Haven't casted either in a while so I don't want to mis speak but I think the clubman has a softer tip


----------



## fish bucket (Dec 5, 2002)

tried looking it up but it has been discontinued
let me ponder it

any interest in a trade?


----------



## John81 (Apr 24, 2007)

fish bucket said:


> tried looking it up but it has been discontinued
> let me ponder it
> 
> any interest in a trade?


Odm,fsc,century rods possibly 10ft-8'6"


----------



## fish bucket (Dec 5, 2002)

nothing that short
closest are a century sling shot 11'6"......2-5oz
ron arra 11'.......1-5oz
tfo 10'6"...2-6oz

could do even up for ss
either of the other 2 plus cash


----------



## John81 (Apr 24, 2007)

Gonna have to pass on those rods


----------



## fish bucket (Dec 5, 2002)

what is best you can do on rod shipped to nj


----------



## John81 (Apr 24, 2007)

fish bucket said:


> what is best you can do on rod shipped to nj


Pretty much at my rock bottom atm. If it doesn't sell I might just cut it down to 10ft


----------



## John81 (Apr 24, 2007)

Would also trade for van staal 7" pliers a 1502 rod or blank


----------



## fish bucket (Dec 5, 2002)

any interest in a bnib penn clash 6000 ?


----------



## John81 (Apr 24, 2007)

fish bucket said:


> any interest in a bnib penn clash 6000 ?

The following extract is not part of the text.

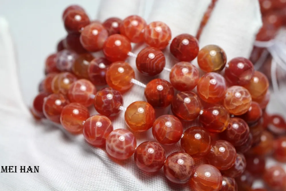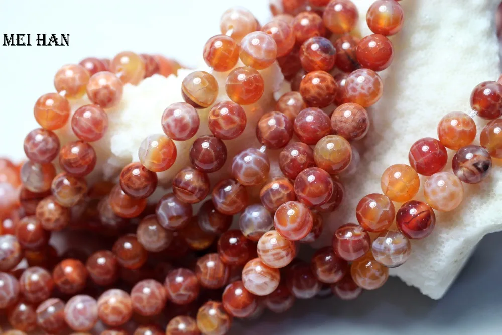 Натуральный огненный агат Гладкий Круглый бисер для изготовления ювелирных браслетов своими руками

Not at this time. This might be the only time you ever see one of these for sale


----------



## fish bucket (Dec 5, 2002)

might be in the states.....seen them on the u.k. websites
had the afaw surf and this one interests me cause you say the tip is softer
if you don't get your price or trade I could offer $200 shipped

I actually broke one of the surfs trying to get it apart.......that was a bummer


----------



## John81 (Apr 24, 2007)

I'll ship for $200 + paypal fees


----------



## fish bucket (Dec 5, 2002)

so $206......correct?


----------



## John81 (Apr 24, 2007)

fish bucket said:


> so $206......correct?


$206.10 to be correct but ya that's fine I'll pm you my info


----------



## fish bucket (Dec 5, 2002)

payment sent


----------



## John81 (Apr 24, 2007)

fish bucket said:


> payment sent


Got it will ship in a day or 2


----------



## John81 (Apr 24, 2007)

Shipped expected Saturday


----------



## fish bucket (Dec 5, 2002)

thanks


----------



## fish bucket (Dec 5, 2002)

got it.......nice rod
will try it out tommorrow


----------